Table below shows size of serialized human descriptors to estimate memory requirements. Human descriptors are used only for reidentification tasks.

"Human descriptor size (used only for reidentification tasks)"

Human descriptor version Data size (bytes) Metadata size (bytes) Total size
CNN 102 (deprecated) 2048 8 2056
CNN 103 (deprecated) 2048 8 2056
CNN 104 (deprecated) 2048 8 2056
CNN 105 512 8 520
CNN 106 512 8 520
CNN 107 512 8 520
CNN 108 512 8 520
CNN 109 512 8 520
CNN 110 512 8 520
CNN 112 512 8 520
CNN 113 512 8 520

Metadata includes signature and version information that may be omitted during serialization if the NoSignature flag is specified.

When estimating individual descriptor size in memory or serialization storage requirements with default options, consider using values from the "Total size" column.

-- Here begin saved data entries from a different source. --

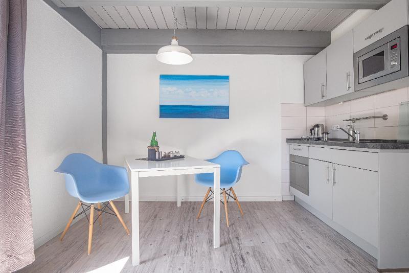 Die lichtdurchflutete Wohnung verfügt über ein geschmackvoll eingerichtetes Schlafzimmer oder Wohnbereich, der Ihnen den idealen Rückzugsort bietet, um nach einem aktiven Tag in der Natur zu entspannen. Die Küche, die elegant in das Wohnambiente eingebettet ist, ist mit modernen Annehmlichkeiten wie Cerankochfeld, Backofen, Kühlschrank, Mikrowelle, Geschirrspüler und weiteren Küchenutensilien ausgestattet. Hier können Sie ganz einfach kulinarische Genüsse zubereiten. Ein optionaler Brötchenservice kann Ihren Morgen noch genussvoller machen.
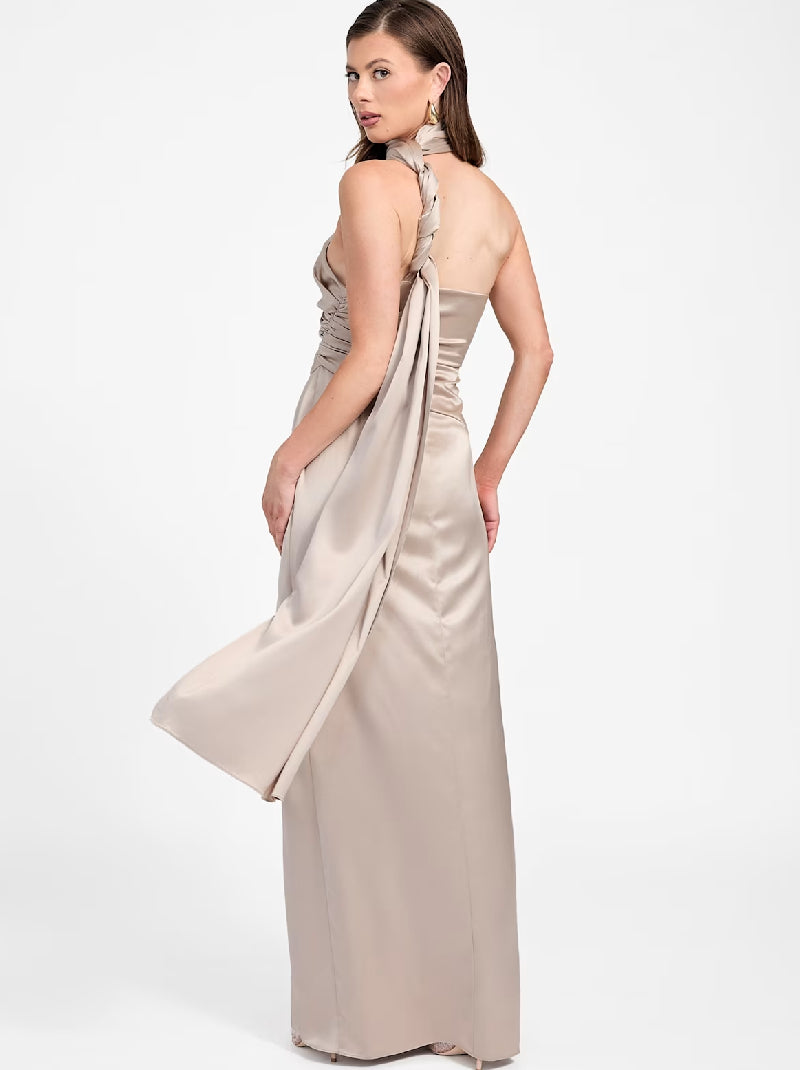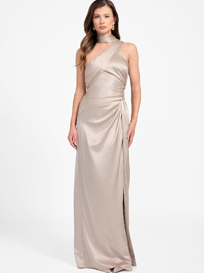 An exquisite satin gown that radiates luxury and timeless elegance. Designed with an asymmetrical V-neckline and a one-shoulder silhouette, the bodice features delicate pleats and ruching for a refined touch. The flowing tulip-shaped skirt is complemented by a dramatic Watteau train, creating a graceful, show-stopping effect. Finished with a discreet side zip, this gown is crafted from a lustrous blend of acetate and polyester, offering a smooth and fluid drape. Perfect for unforgettable evenings and special occasions.
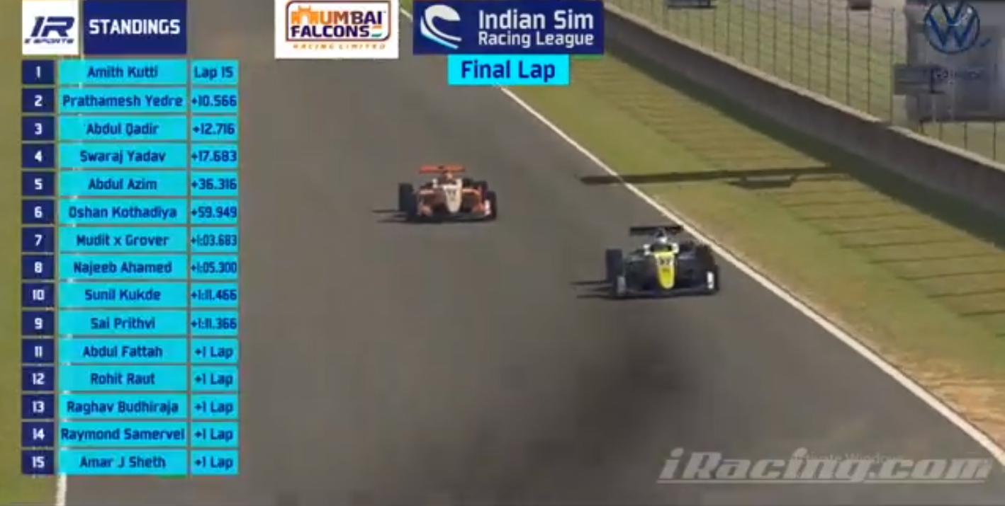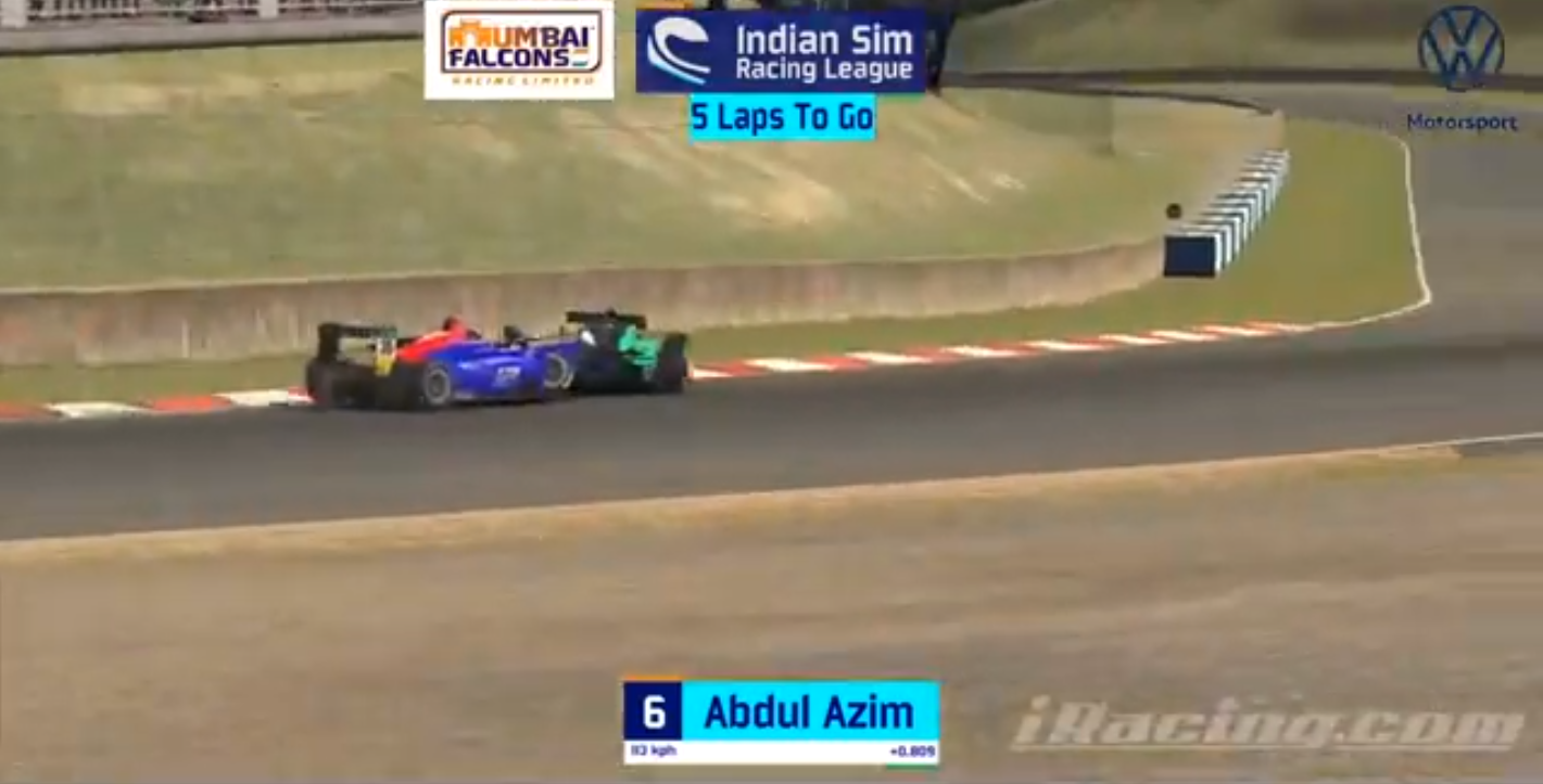 As the air cleared and the racers had covered some ground, the battle for third emerged between Justin Singh and Abdul Azim, before Azim lost control in final sector of lap 1. By the end of Lap 1, everybody except top 11 had to use ‘tow trucks’, or depend on the ‘quick repair’ option, that instantaneously negates damage for up to 15 minutes, enough time to maintain your position in the race and get to the pits to rectify any critical issue. This is done as this version of the iRacing platform, with the most recent damage model physics, designs the racecars to take a fair amount of damage, so crashes can break off parts, sometimes completely writing off the cars.

When estimating memory requirements for descriptor batches, use values from the "Data size" column instead, since a descriptor batch does not duplicate metadata per descriptor and thus is more memory-efficient.

These numbers are for approximate computation only, since they do not include overhead like memory alignment for accelerated SIMD processing and the like.